Happy People Forgive … But They Don’t Forget
Everybody makes mistakes. You can expect the people in your life to let you down occasionally, even if they don’t mean to. You’ve probably said or done things that created a negative experience for people you care about. These things happen. Nobody is perfect.
It’s one of the reasons you should learn to forgive others when they cause you harm. They are imperfect, just like you. Even if they went out of their way to cause you misery, forgiveness makes you feel better than holding a grudge.
This is what notoriously happy people do. They understand that harboring negative feelings is like renting out space in your brain to unhappiness.
It doesn’t make any sense.
If something bad happens in your life, let it go. Forgive whoever you need to forgive. Any time spent harboring negative emotions is an unnecessary waste of time you could’ve devoted to feeling happy. If you do that, you consciously allow stress into your life, which can lead to severe physical and mental health problems.
Forgiveness Leads to Happiness, as long as you don’t Embrace Forgetfulness
Imagine that a very dear friend says something that hurts you deeply. You can’t believe what you heard. You ask him what he said, and he repeats it clearly, word for word, to make sure you understand him. You know that he knows that such a statement would hurt your feelings, and you have difficulty processing this blatant disregard for your emotions.
As soon as the moment is over, you leave the environment. You’re going to be the bigger person and not respond negatively in some way.

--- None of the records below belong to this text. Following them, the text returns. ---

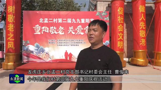 龙虎庄乡北孟二村党支部书记村委会主任 曹俊来 今年是我们村第二届九九重阳庆祝活动,我们会继续坚持下去,在全村弘扬尊老敬老的风气,让尊老敬老成为时尚,做到人人尊老、人人敬老,打造文明、幸福、和谐的村街。
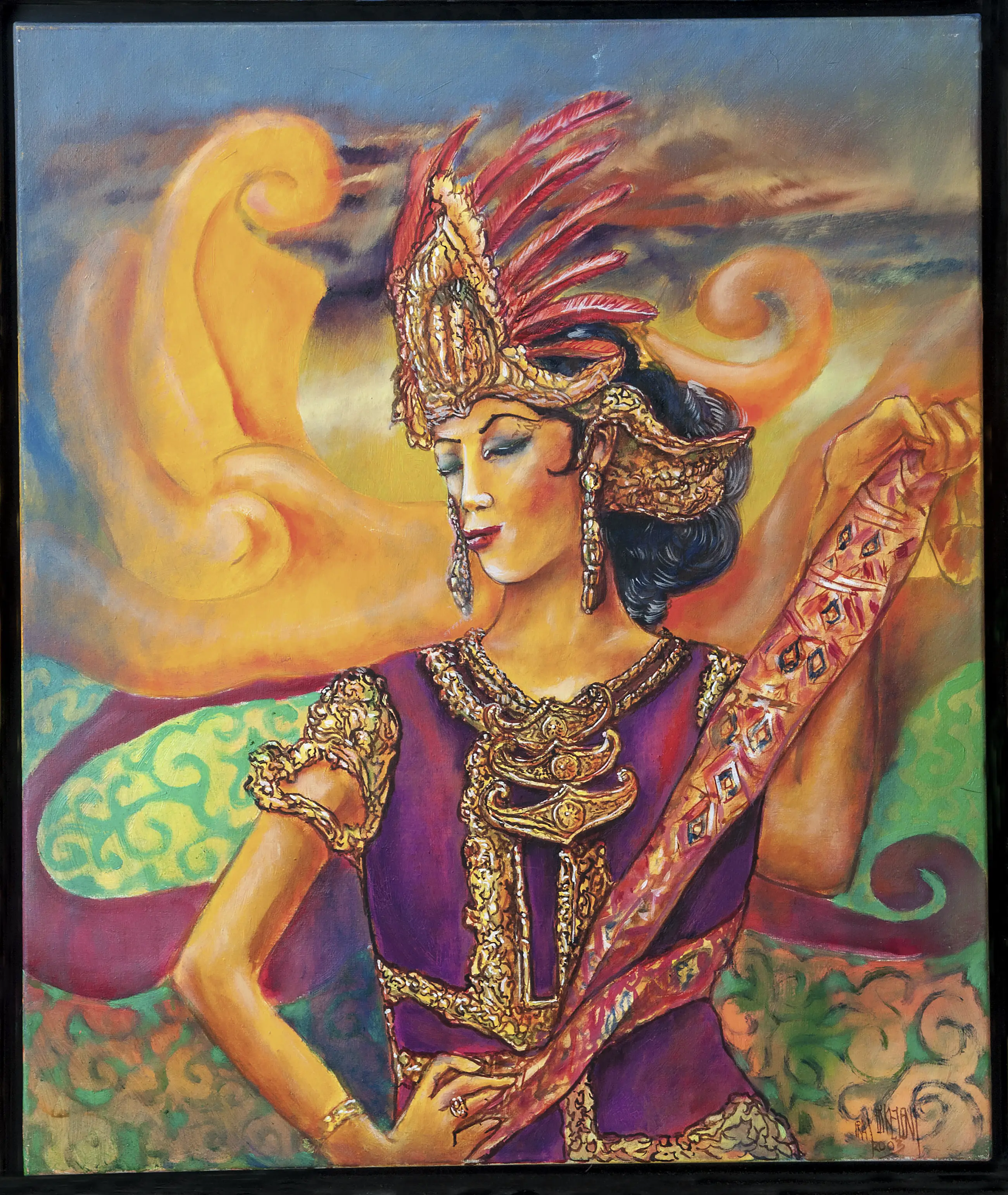een van zijn latere werken, ingelijst in goudkleurige lijst
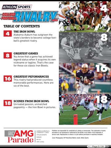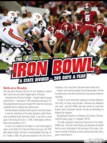 Rivalries capture the passion and pageantry of college football like nothing else. Athlon Sports taps into that passion with our College Football Rivalry Series, starting with the game that consumes an entire state 365 days a year — the Iron Bowl, Alabama vs. Auburn. Athlon examines the origins of the rivalry and takes an in-depth look at many of the greatest games and performances in the storied history of this epic feud, from "Punt Bama Punt" to the "Kick-Six." We also tap into our photo archives to bring you scenes from the Iron Bowl, featuring such legendary figures from the rivalrys history as Bear Bryant and Bo Jackson. Future entries in the Rivalry Series will focus on such classic rivalries as Ohio State-Michigan, USC-Notre Dame, Army-Navy and Oklahoma-Texas.
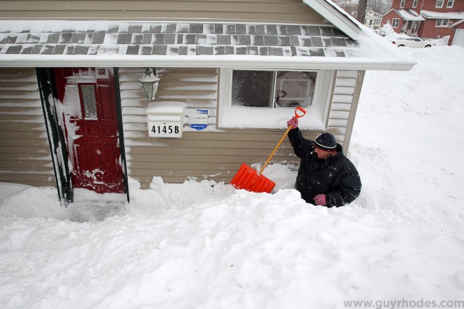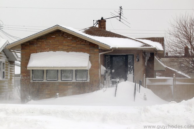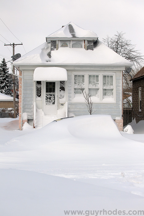 Snow drifts as high as the first floor, completely covering stairs (and here, half of the front door) were a common sight on many homes.
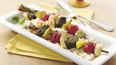 To assemble skewers, alternately thread fruit onto wooden skewers. Place skewers onto grill. Grill, turning and brushing with glaze, until fruit is softened and heated through (4 to 6 minutes).
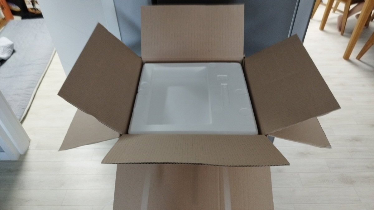 스티로폼을 제거하면 안전하게 파세코 창문형 에어컨과 에어컨 거치대가 들어가 있는 걸 확인할 수 있습니다.
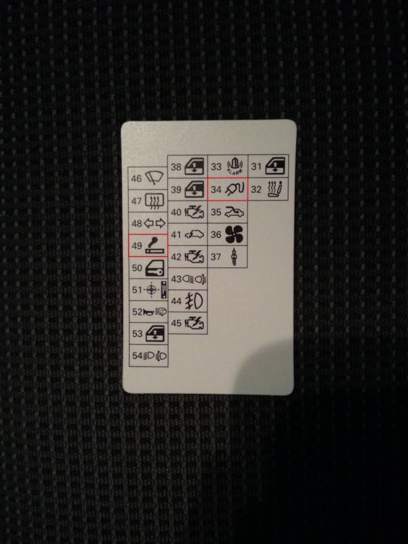 Wichtig sind die beiden rot umrandeten Sicherungen. Da wir erst gar nicht drauf gekommen sind, dass die Zigarette (49) für den Zigarettenanzünder vorne ist und der Stecker (34) für die Steckdose im Kofferraum hinten ist.
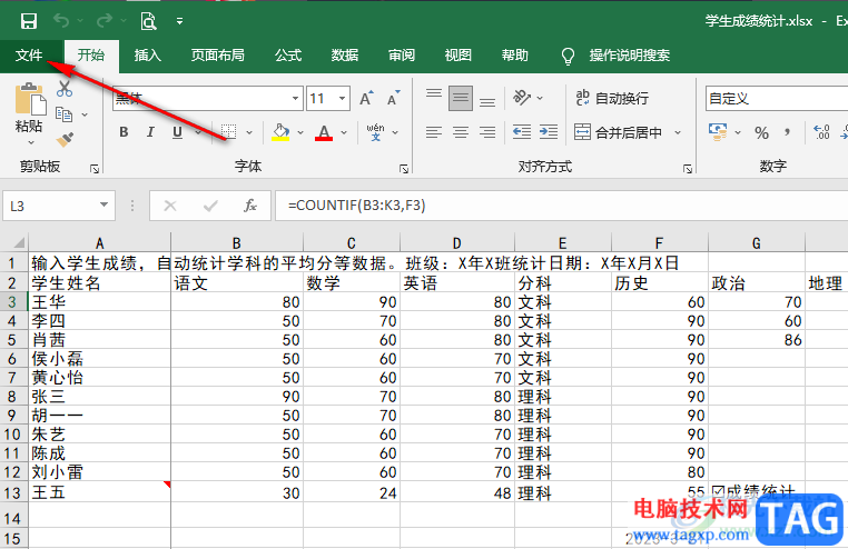 2、第二步,进入Excel页面之后,我们点击左上角的“文件”选项,进入文件页面

A day later, you call your friend after you’ve calmed down. You tell him that your relationship is important to you. You forgive him, and he says he won’t let it happen again, apologizing profusely.
You feel great about what you did. You’ve traded in negative feelings for positive emotions. At this point, you need to do something very important. Relive the moment that made you angry. It hurt you emotionally. Think about it. Visualize it happening again in your mind’s eye. You’re not doing this to bring it up later, but so you won’t forget.
Happy people forgive easily. They additionally have great memories. If someone hurts you somehow and you forgive them, what’s to say it won’t happen again? If the offender harms you again in the future, then that’s one time too many. Divorce yourself from that relationship.
You owe yourself the best possible life. That means not allowing people to see you as an emotional doormat. Be strong. Stick up for yourself. Forgive easily, but don’t ever forget. This will lead to more happiness in your life and more positive people.